> **Exercise prompt**
Only the pictures are to be left out; please reproduce everything else in the data exactly.

** Opening Data excerpt block **

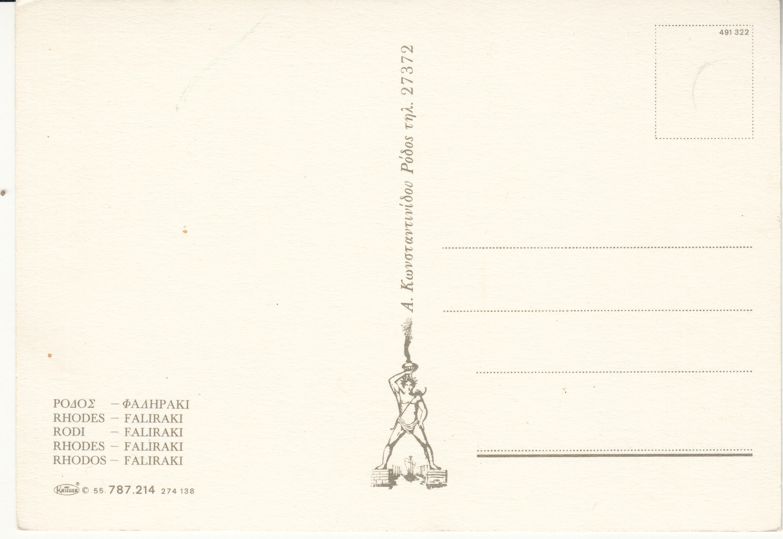 0.787-214.55 Krüger Postcard Greece Rhodes
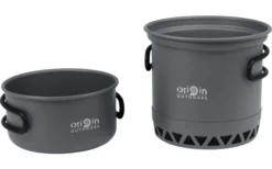 Das sehr leichte Topfset aus hartanodisiertem Aluminium ist mit einem hocheffizienten Wärmetauscher ausgestattet. Der Wärmetauscher spart Zeit beim Kochen und reduziert den Brennstoffverbrauch. Die stabilen Klappgriffe bieten sicheren Halt beim Kochen. Platzsparend verstaubar, erfolgt der Transport im praktischen Netzbeutel.
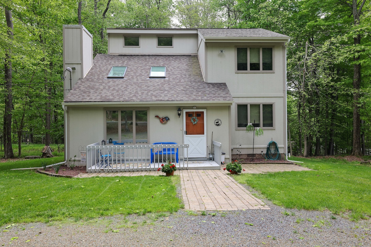 ¡Pregunta por las ofertas especiales de primavera entre semana! 🌸 Este espacioso y pequeño refugio está completamente abastecido para unas vacaciones familiares memorables o una escapada romántica en pareja. Sumérgete en tu jacuzzi privado, brinda con s'mores junto al fuego, balancéate en la hamaca bajo las estrellas o quédate y disfruta de horas de juego en nuestra nueva Nintendo Wii. Disfruta de acceso a 2 playas, una piscina olímpica (de temporada), minigolf, canchas de tenis y mucho más. A pocos minutos de los favoritos de Pocono, como esquí, casinos y parques acuáticos.
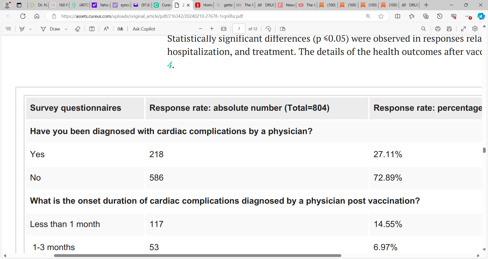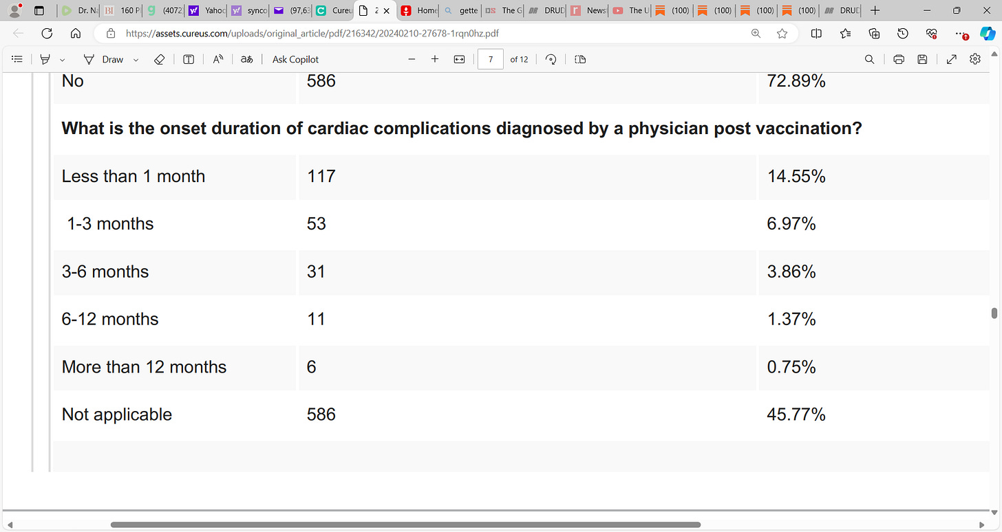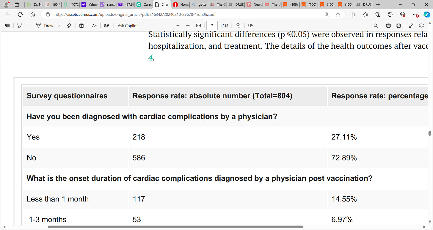 self-reported physician-diagnosed cardiac complications post mRNA vaccination; 747 (92.79%) vaccine uptake & alarming frequency of 218 (27.11%) reporting cardiac complications; see McCullough's stack

** Closing Data excerpt block **

> **Solution to the exercise**
 0.787-214.55 Krüger Postcard Greece Rhodes
 Das sehr leichte Topfset aus hartanodisiertem Aluminium ist mit einem hocheffizienten Wärmetauscher ausgestattet. Der Wärmetauscher spart Zeit beim Kochen und reduziert den Brennstoffverbrauch. Die stabilen Klappgriffe bieten sicheren Halt beim Kochen. Platzsparend verstaubar, erfolgt der Transport im praktischen Netzbeutel.
 ¡Pregunta por las ofertas especiales de primavera entre semana! 🌸 Este espacioso y pequeño refugio está completamente abastecido para unas vacaciones familiares memorables o una escapada romántica en pareja. Sumérgete en tu jacuzzi privado, brinda con s'mores junto al fuego, balancéate en la hamaca bajo las estrellas o quédate y disfruta de horas de juego en nuestra nueva Nintendo Wii. Disfruta de acceso a 2 playas, una piscina olímpica (de temporada), minigolf, canchas de tenis y mucho más. A pocos minutos de los favoritos de Pocono, como esquí, casinos y parques acuáticos.
 self-reported physician-diagnosed cardiac complications post mRNA vaccination; 747 (92.79%) vaccine uptake & alarming frequency of 218 (27.11%) reporting cardiac complications; see McCullough's stack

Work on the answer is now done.